Without meaning to be critical of the sincere effort made by some people, in Assam we have still got a good number of people who hate the thought of the introduction of computers in government. Some others attribute great power to these little machines and put these up on a pedestal. Not many are there who are beginning to make use of these machines without any emotional sentiment. Even I have been a party to this, I feel. Having pushed for and ultimately got the post of the Director of Computer Applications, Assam, created in March this year, I felt that this is a right step for Assam in the field of improving its information technology use in government, but now I feel that we are so backward compared with the rest of the world that we have to work overtime in providing the right information base in government, and not to rest on the little work done, but to study harder and try to introduce the best systems of management in government.

It is high time that we all realised that only the best technology available must be used at any given point of time: there is no justification for the use of primitive technologies. Of course, if appropriate down-scaled, labour intensive technologies exist, there should be no objection to the use of such technologies, but even then the main criterion should be improved productivity above all.

Primary education is compulsory in Australia (that is the way it should be in India too), and the Government spends a considerable amount on the facilities provided to primary schools.
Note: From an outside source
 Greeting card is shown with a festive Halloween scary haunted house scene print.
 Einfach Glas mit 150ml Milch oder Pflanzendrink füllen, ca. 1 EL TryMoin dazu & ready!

I feel that whereas it is as good policy to go out of India to exhibit Indian products in various fairs and exhibitions, it would be much more strategic if a marketing approach it taken to promote technology in India. Since it is felt that India may not have adequate buyers of technology at present (this is a myth to which I do not however, subscribe), then the best thing would be to purchase a thousand each of the various items of high technology and to display these in the form of a permanent Cutting Edge of Technology Exhibitions all over India, even upto the level of small towns (at least at the district headquarters), and about ten to twenty such exhibitions in the bigger cities, so that there is a rapid increase in the awareness of such products in the school children, the entrepreneur and the common man in general. Displayed here should be all the kinds of hand-tools which are sold commonly in the supermarkets of developed countries, and other products which have high sales volumes in the developed markets. These products would give an idea to the the entrepreneur about what sells abroad (including its retail price), and he would then be able to either set up production units which produce such items, or would be able to get hold of the appropriate technical collaboration to produce such items.
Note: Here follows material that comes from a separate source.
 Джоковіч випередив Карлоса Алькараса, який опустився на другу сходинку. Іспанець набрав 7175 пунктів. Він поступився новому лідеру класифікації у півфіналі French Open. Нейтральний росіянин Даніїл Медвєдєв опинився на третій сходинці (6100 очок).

The fact that Indians can do this is obvious when we look at the example of Maruti. Till the Maruti car was put on the streets of India, the Indian entrepreneur had not been exposed to high technology cars and kept on producing shoddy quality goods required for the Ambassador and the Fiat. But suddenly, within a few years of his exposure to Maruti, the quality of goods produced has gone up and even the other cars have been forced to use better quality in their cars to be able to compete with rising consumer expectations.
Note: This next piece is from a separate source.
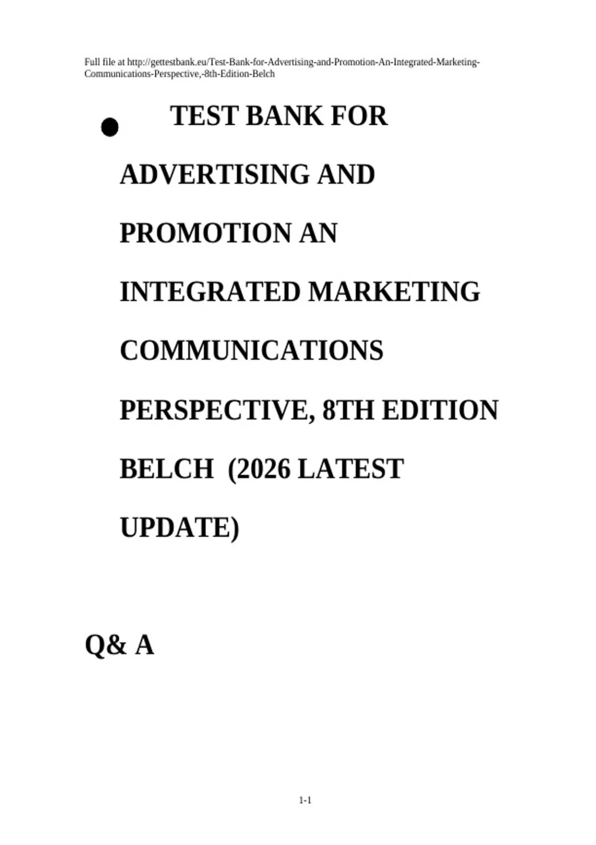 Test Bank For Advertising and Promotion An Integrated Marketing Communications Perspective, 8th Edition by Belch (2026 LATEST UPDATE)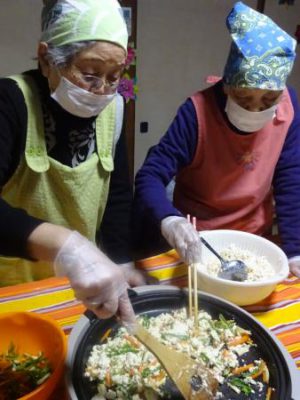 切った野菜やお肉は、こちらの母達が愛情を込めて

I contend therefore that the government is totally unjustified in promoting outdated technology and must therefore take all steps to strategically promote high technology. The plea of heavy density of population does not cut much ice. When we examine the example of Samsung, the Korean giant, we find that he sold practically all of his microwaves to foreign countries, until, partially induced by the wealth brought into Korea by these sales, the people of Korea became rich enough to afford his products within the country itself. Therefore, just because markets do not exist for certain products at present in India, it does not mean that we should make this an excuse for promoting only the labour-intensive primitive or even appropriate technologies, but should definitely strike out in the direction of high technology, where we are now decades behind even our Asian neighbours.